Glass panels. Not perfect glass, clouded in places, cracked and resealed in others, but glass. Each one slotted into the frame at the joins and sealed with what looked like resin, applied carefully and more than once by the layering of it. The roof used the natural overhang of the higher shelf on the left side and on the right a sheet of hammered flat metal angled to catch and redirect rain rather than pool it. At the very top, a small, hinged panel sat slightly ajar — deliberately done so for ventilation. 

The whole thing came up to Arlin's shoulder at its lowest point and cleared his head at its highest. From the outside it sat so naturally between the rocks that at a distance or even the wrong angle seemed nothing more than two misplaced rocks. 

From here, through the clouded panels, he could see green pressing against the glass from the inside.

"You built this," Arlin breathed, but it was more of a question to himself. 

"Over about a year and half, yes." Jumper held the lamp higher.

The pride in his voice was losing its fight with the technical explanation that was clearly waiting behind it. "The frame is from the old water infrastructure — the piping from the east boundary repair, the stuff they stripped to trade in with district 7. I heated and bent it myself.
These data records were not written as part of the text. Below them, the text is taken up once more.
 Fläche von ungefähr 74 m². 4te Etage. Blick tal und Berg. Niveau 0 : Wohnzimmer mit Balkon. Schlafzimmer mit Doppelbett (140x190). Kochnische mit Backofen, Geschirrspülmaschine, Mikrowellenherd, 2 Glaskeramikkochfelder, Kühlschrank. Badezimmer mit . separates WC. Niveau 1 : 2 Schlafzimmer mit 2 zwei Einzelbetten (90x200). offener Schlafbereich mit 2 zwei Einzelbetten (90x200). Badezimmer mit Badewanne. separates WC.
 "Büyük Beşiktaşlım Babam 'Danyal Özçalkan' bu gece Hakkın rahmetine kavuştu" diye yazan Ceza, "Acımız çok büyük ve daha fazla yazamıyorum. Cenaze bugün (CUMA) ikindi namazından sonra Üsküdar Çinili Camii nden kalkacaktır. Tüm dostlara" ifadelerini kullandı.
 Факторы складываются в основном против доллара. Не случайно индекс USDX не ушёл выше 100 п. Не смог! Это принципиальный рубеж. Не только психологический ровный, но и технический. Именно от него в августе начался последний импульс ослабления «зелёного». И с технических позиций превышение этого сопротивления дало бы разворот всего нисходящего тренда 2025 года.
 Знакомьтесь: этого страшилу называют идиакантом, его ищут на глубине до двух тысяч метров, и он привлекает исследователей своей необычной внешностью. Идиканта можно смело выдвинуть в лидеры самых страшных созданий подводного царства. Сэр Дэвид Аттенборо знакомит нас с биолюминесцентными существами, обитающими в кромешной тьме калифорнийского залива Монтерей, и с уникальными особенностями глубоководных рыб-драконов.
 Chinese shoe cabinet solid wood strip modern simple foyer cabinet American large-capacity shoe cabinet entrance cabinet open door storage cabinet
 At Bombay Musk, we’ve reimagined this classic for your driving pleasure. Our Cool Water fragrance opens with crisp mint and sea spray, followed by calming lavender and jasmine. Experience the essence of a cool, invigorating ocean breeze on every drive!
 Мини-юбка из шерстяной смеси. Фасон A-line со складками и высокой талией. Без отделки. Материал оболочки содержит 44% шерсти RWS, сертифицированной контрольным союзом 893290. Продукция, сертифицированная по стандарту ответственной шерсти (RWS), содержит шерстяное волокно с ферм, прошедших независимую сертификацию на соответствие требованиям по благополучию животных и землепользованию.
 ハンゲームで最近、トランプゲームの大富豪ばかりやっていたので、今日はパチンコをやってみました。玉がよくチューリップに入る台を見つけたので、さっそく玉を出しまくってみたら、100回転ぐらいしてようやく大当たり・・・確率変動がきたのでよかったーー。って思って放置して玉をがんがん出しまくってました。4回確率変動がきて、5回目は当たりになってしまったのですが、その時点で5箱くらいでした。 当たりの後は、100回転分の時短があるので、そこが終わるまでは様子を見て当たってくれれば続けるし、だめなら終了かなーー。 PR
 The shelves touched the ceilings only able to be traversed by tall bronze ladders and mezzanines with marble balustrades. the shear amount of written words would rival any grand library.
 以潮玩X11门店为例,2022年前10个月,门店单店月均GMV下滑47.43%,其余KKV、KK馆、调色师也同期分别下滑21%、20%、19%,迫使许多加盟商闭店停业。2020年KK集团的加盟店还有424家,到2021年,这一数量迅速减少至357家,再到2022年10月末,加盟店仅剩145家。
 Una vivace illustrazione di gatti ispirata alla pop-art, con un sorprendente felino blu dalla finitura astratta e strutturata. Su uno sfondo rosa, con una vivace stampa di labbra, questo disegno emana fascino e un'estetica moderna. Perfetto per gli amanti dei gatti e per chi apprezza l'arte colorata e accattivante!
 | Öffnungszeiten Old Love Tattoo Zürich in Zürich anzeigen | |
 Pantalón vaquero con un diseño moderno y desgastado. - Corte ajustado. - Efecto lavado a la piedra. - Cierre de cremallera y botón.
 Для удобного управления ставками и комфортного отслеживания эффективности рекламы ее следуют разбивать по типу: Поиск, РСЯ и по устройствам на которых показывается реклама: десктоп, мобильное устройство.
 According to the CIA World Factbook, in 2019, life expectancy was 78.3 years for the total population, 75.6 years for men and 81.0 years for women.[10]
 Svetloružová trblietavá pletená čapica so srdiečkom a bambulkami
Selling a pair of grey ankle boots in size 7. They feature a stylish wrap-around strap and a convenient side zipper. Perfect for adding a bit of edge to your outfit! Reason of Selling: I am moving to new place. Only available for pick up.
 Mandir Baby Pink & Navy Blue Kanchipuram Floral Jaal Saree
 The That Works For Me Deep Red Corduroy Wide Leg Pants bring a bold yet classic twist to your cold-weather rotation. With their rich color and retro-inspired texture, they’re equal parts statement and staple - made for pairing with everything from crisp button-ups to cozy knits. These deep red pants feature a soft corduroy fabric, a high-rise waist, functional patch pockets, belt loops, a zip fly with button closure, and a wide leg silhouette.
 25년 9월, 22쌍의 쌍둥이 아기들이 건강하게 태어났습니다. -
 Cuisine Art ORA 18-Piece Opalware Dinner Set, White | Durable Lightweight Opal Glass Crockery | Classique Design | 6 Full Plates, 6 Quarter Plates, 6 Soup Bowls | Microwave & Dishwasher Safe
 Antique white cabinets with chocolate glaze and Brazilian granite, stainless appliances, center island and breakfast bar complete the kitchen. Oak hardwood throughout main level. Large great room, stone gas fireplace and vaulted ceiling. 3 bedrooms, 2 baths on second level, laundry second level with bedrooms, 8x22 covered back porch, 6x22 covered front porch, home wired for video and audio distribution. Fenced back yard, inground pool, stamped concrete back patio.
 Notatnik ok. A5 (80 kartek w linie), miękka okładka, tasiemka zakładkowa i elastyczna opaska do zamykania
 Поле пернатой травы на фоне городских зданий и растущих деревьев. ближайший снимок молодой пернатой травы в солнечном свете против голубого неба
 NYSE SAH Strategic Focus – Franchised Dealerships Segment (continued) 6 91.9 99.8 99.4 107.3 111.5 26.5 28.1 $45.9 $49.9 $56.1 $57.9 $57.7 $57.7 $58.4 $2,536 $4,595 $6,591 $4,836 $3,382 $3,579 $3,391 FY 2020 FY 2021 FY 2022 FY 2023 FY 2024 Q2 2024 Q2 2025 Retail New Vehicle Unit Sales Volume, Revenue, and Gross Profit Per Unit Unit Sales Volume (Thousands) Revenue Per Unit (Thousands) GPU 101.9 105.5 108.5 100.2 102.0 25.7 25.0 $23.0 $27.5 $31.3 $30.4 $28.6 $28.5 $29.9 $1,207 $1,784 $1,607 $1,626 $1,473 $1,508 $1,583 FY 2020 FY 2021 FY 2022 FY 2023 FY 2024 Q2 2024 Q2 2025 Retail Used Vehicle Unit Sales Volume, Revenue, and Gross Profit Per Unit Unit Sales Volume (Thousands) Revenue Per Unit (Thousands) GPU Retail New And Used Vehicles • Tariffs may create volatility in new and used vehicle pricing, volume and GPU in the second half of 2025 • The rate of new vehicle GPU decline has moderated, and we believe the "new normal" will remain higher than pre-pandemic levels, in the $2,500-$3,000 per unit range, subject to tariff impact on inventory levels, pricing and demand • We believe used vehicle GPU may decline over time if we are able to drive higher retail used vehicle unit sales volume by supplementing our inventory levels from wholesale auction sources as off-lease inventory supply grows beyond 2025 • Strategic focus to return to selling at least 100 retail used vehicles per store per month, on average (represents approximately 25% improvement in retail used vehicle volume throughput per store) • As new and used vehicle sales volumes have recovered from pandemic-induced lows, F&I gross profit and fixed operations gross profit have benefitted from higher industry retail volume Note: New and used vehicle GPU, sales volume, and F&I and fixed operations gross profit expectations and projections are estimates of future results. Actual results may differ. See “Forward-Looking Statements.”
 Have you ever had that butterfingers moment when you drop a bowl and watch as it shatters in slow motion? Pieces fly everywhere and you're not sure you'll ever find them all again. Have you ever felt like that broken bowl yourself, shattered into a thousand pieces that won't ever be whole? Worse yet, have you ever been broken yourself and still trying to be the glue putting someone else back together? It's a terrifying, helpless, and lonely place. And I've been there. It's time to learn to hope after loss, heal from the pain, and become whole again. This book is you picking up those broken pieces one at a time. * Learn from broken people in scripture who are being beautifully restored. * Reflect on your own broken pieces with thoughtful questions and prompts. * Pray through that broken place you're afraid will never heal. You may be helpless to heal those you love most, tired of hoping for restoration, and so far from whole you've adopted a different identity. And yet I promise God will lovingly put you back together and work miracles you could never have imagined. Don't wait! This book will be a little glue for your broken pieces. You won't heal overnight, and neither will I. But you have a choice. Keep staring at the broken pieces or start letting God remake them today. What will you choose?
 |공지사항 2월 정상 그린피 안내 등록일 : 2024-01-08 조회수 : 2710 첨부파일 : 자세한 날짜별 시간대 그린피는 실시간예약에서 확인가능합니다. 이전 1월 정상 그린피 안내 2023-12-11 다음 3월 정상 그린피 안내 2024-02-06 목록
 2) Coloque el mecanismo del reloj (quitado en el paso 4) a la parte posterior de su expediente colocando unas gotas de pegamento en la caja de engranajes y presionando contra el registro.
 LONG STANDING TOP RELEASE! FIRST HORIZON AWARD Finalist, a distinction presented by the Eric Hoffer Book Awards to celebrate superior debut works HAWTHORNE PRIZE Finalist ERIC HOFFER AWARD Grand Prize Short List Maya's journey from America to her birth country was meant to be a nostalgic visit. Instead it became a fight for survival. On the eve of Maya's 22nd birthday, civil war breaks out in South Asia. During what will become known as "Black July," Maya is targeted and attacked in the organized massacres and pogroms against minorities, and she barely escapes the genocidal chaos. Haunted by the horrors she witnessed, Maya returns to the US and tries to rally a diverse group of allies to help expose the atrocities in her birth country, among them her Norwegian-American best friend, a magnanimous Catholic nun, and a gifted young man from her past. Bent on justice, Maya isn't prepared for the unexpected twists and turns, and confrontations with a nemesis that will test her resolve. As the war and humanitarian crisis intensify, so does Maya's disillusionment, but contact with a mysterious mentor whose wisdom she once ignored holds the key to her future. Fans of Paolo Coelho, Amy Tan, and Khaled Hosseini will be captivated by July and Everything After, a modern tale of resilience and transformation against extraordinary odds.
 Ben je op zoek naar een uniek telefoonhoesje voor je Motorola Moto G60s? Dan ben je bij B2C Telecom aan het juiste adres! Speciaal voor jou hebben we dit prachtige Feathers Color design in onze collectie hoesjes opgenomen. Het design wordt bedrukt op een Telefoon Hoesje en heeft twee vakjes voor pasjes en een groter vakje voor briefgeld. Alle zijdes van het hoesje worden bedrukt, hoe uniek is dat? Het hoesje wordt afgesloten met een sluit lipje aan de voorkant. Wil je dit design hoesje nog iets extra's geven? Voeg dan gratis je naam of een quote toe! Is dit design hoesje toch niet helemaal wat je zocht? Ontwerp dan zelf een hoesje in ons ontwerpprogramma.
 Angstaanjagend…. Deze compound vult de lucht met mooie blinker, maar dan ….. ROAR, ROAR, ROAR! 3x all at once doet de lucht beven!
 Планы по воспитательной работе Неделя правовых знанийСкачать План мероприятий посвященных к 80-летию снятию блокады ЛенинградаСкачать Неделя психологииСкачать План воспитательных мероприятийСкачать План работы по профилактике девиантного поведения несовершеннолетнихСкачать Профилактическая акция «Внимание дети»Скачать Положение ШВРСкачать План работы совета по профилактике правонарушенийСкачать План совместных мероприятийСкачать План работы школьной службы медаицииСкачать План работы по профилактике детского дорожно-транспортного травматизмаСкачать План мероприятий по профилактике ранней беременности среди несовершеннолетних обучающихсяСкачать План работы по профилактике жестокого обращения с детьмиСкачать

Took four attempts to get the angles right for the roof line because the higher shelf isn't level, it tilts about three degrees, so the whole frame had to compensate or the rain would run inward instead of off."

Arlin didn't stop him, Jumper earned his victory lap. 

He then looked at the resin seals along the nearest panel join. Applied in layers, dried between each one, pressed flat at the edges.

"The glass?"

"District seven disposal. They replace panels in the processing building every two seasons — the fume exposure warps them. They pull the old ones and stack them at the outer boundary for removal." Jumper hopped over to the door, a section of frame on a simple pin hinge that swung outward cleanly. "Removal never comes on schedule. I got to it first."

"I moved them in sections. Over four months." He pushed the door open. The warmth came out immediately. "After you."